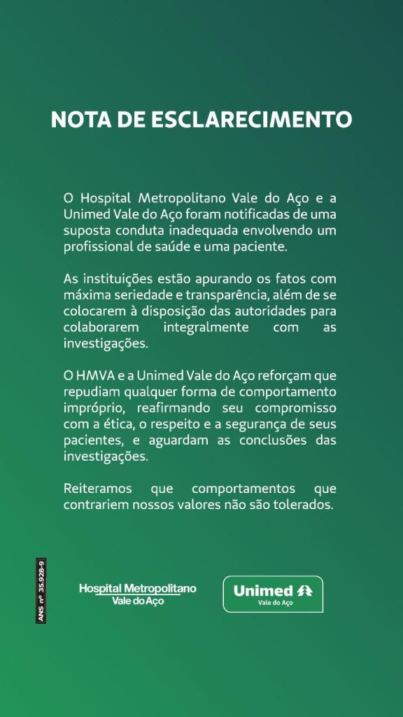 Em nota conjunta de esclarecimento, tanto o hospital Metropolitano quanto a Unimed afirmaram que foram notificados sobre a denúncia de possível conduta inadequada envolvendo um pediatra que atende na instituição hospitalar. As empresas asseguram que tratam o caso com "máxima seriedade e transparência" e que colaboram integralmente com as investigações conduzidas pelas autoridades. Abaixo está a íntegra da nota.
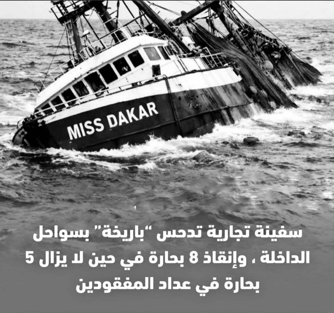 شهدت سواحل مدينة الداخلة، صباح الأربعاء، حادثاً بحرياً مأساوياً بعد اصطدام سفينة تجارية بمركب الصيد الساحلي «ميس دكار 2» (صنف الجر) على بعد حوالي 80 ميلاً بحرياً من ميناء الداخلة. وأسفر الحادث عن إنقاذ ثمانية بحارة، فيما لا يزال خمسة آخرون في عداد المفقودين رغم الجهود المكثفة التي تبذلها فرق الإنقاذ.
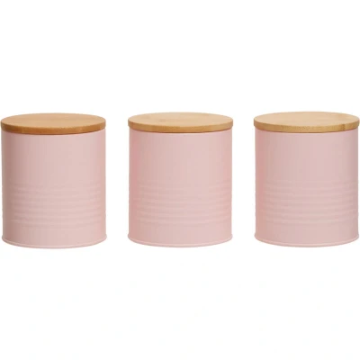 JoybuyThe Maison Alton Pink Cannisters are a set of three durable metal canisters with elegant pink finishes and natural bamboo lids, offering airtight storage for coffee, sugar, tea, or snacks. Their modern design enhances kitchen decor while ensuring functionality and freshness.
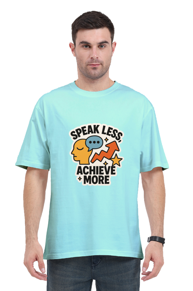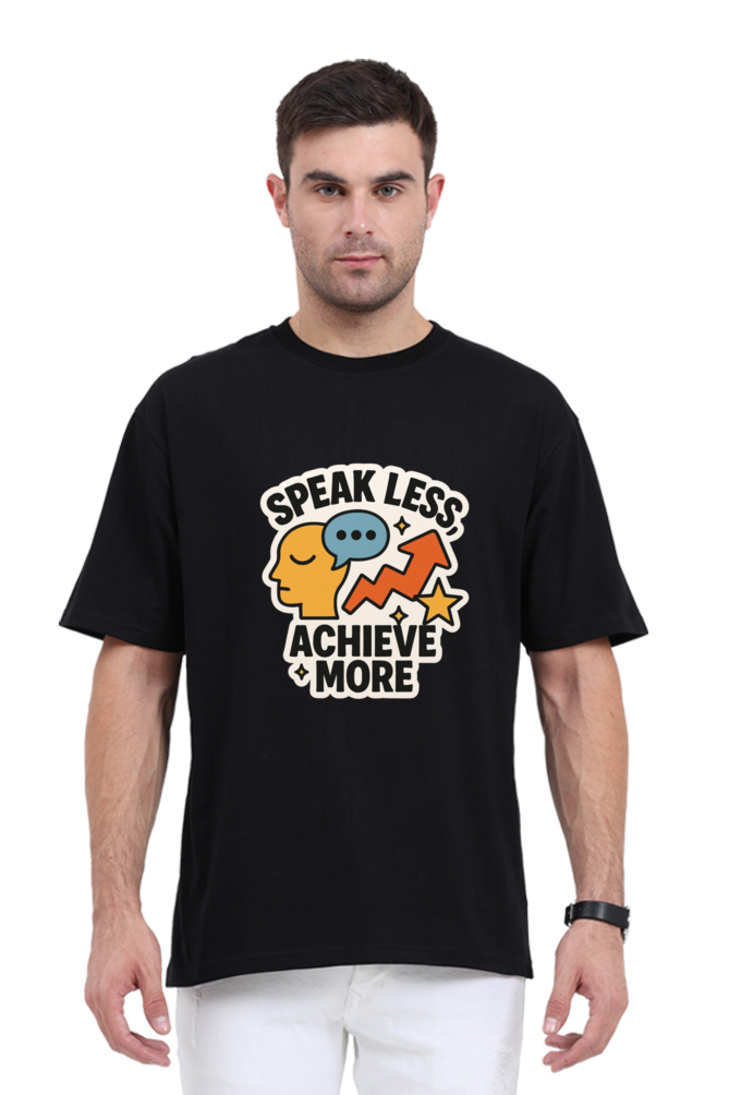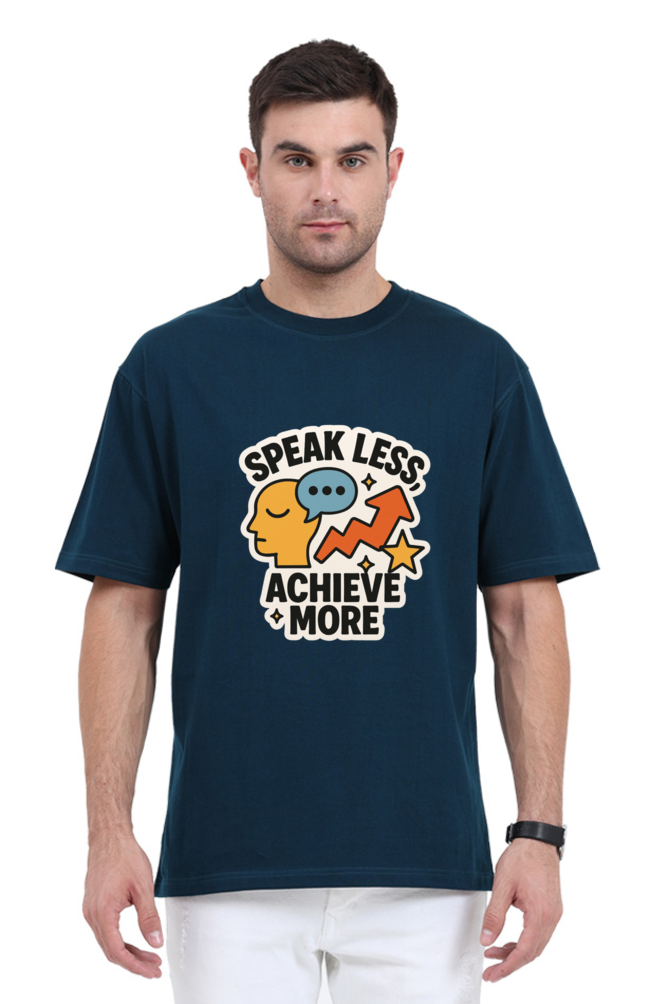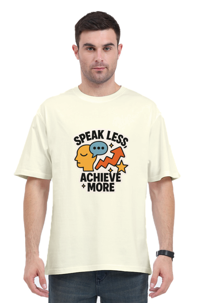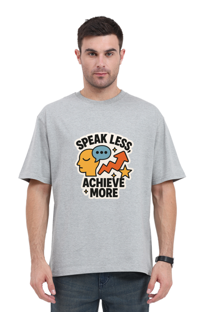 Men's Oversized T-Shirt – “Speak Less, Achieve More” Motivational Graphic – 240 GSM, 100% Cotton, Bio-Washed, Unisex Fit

Exercise directions —
When you copy the data, keep every line exact and drop the pictures.

Final answer —
 Em nota conjunta de esclarecimento, tanto o hospital Metropolitano quanto a Unimed afirmaram que foram notificados sobre a denúncia de possível conduta inadequada envolvendo um pediatra que atende na instituição hospitalar. As empresas asseguram que tratam o caso com "máxima seriedade e transparência" e que colaboram integralmente com as investigações conduzidas pelas autoridades. Abaixo está a íntegra da nota.
 شهدت سواحل مدينة الداخلة، صباح الأربعاء، حادثاً بحرياً مأساوياً بعد اصطدام سفينة تجارية بمركب الصيد الساحلي «ميس دكار 2» (صنف الجر) على بعد حوالي 80 ميلاً بحرياً من ميناء الداخلة. وأسفر الحادث عن إنقاذ ثمانية بحارة، فيما لا يزال خمسة آخرون في عداد المفقودين رغم الجهود المكثفة التي تبذلها فرق الإنقاذ.
 JoybuyThe Maison Alton Pink Cannisters are a set of three durable metal canisters with elegant pink finishes and natural bamboo lids, offering airtight storage for coffee, sugar, tea, or snacks. Their modern design enhances kitchen decor while ensuring functionality and freshness.
 Men's Oversized T-Shirt – “Speak Less, Achieve More” Motivational Graphic – 240 GSM, 100% Cotton, Bio-Washed, Unisex Fit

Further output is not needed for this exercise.